Adelaide roundtable hears concerns of people with disability
The Australian Government would continue to work for better services for people with disability and to ensure they got fair treatment in the workplace and the community, the Parliamentary Secretary for Disabilities and Bill Shorten said today.
Mr Shorten spoke at the “Community Voices” disability forum in Salisbury East, in Adelaide, hosted by the Member for Makin, Tony Zappia, and Member for Wakefield Nick Champion.
The roundtable allowed people with disability, their parents and carers, and disability organisations to voice their concerns and ideas and be heard by Federal politicians.
Mr Shorten said that the Australian Government was developing a National Disability Strategy to address the barriers faced by people with disability.
“People with disability encounter barriers every day when they try to access community facilities, get an education or find work,” Mr Shorten said.
“They also suffer from a lack of access to services and lax enforcement of disability standards and legislation.
“What really stops people with disability from achieving their potential, is not their disability, as much as the attitudes society has towards it.
“The limited opportunities to participate in community life are a major issue for all people with disability.
“For example, access to quality education is recognised as the best path to economic participation and greater independence.
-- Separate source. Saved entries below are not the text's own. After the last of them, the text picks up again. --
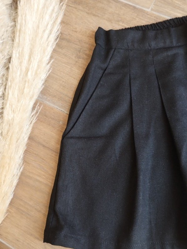 Short de lino sastrero, con tres tablas por lado bolsillos laterales, cintura delante recta y atras con elástico para mejor ajuste.
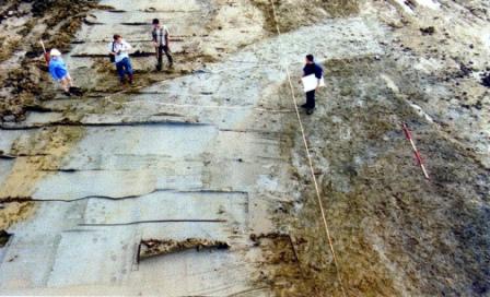 A series of charcoal samples from a hearth and various postholes provided new AMS radiocarbon dates. Neolithic people had occupied the site for over a thousand years, from the early 4th millennium BC to the mid or late 3rd millennium BC. At that time, five thousand years ago, the sea may have been at least ten kilometres away to the east, but the Humber shore would have been almost as close as it is today. The settlement stood at the side of the Kilnsea Fleet, a broad valley running in a north-easterly direction from the estuary. A henge monument (see below) and several other round barrows occupied the same valley, which later became a tidal creek when sea levels rose. The continued importance of this inlet into the early Bronze Age was confirmed in 1996 when Society members found a fragment of a sewn-plank boat on Kilnsea beach. This was dated by radiocarbon to 1870-1670 cal BC, the earliest example in Britain. Sewn-plank boats are thought to have been sea-going vessels.
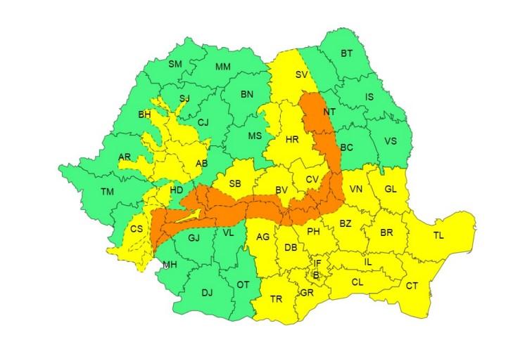 În această dimineaţă a intrat în vigoare un cod portocaliu de ninsori abundente, depunere de strat de zăpadă și viscol puternic la altitudini în general de peste 1700 m.
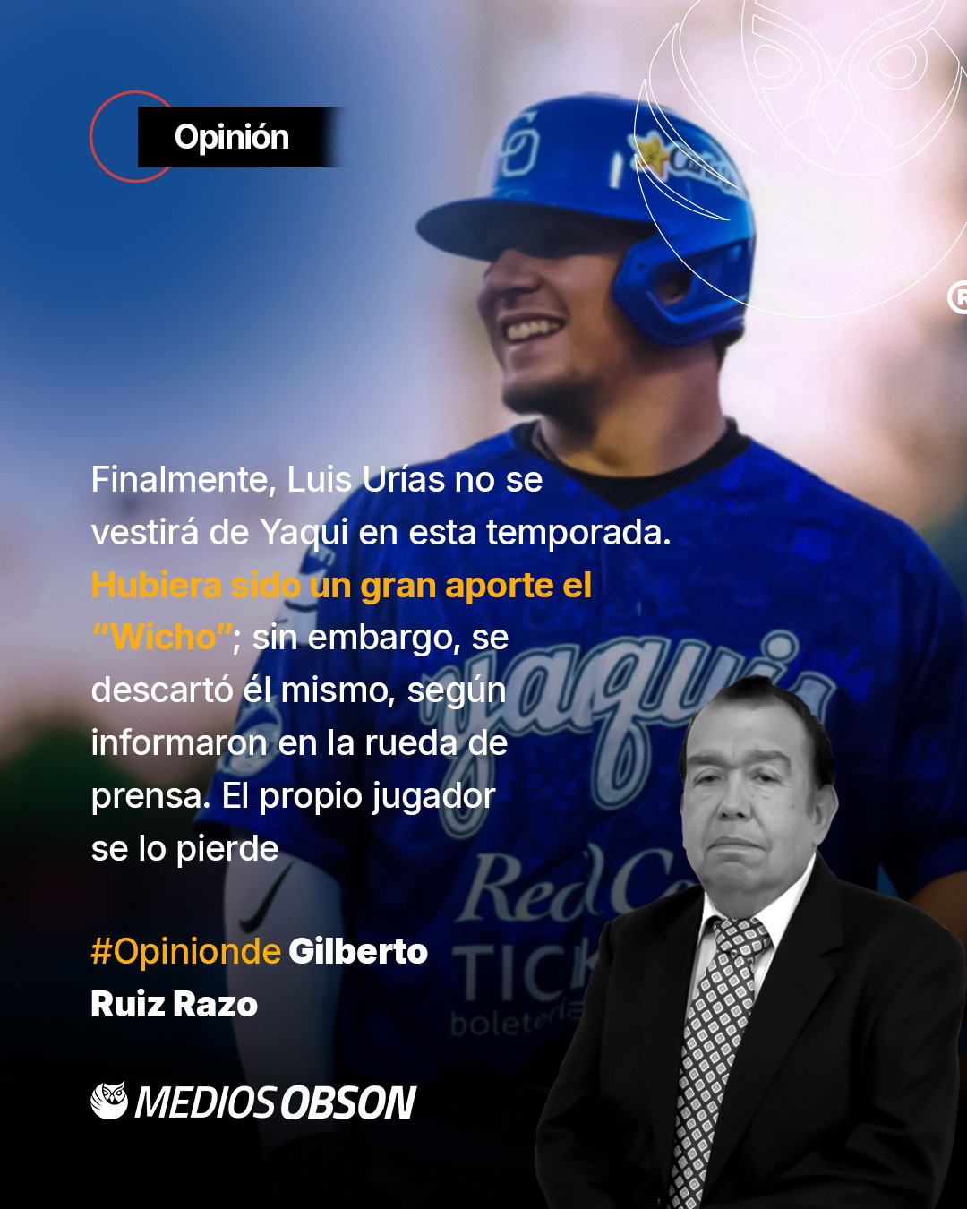 NI HABLAR.- Finalmente Luis Urías no se vestirá de Yaqui en esta temporada. Hubiera sido un gran aporte el “Wicho”; sin embargo, se descartó él mismo, según informaron en la rueda de prensa. El propio jugador se lo  pierde.
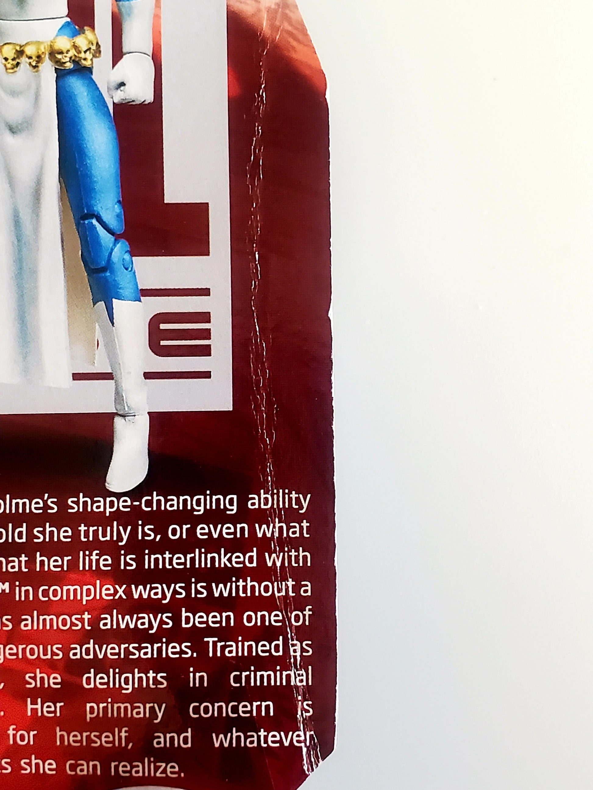 This figure is new inside an otherwise nice package that has a crease along the left edge of the card.

Yet people with disability face extra barriers when they try to get an education.
“The National Disability Strategy is a key part of the Government’s commitment to promote social inclusion for all Australians and will help address the barriers faced by people with disability.”
Mr Shorten said the Government was also reviewing Disability Employment Services as part of its social inclusion agenda to support people to retain and maintain employment.
“Having a job is important for financial security and social inclusion, and finding fulfilling jobs is still a major issue for people with disability.
Today’s roundtable focussed on the experiences for people with disability or chronic illness, and their families and carers, in Adelaide.
“Listening to people with disability, and their families and carers, lets me hear first-hand what issues are important and where we need to do more,” Mr Shorten said.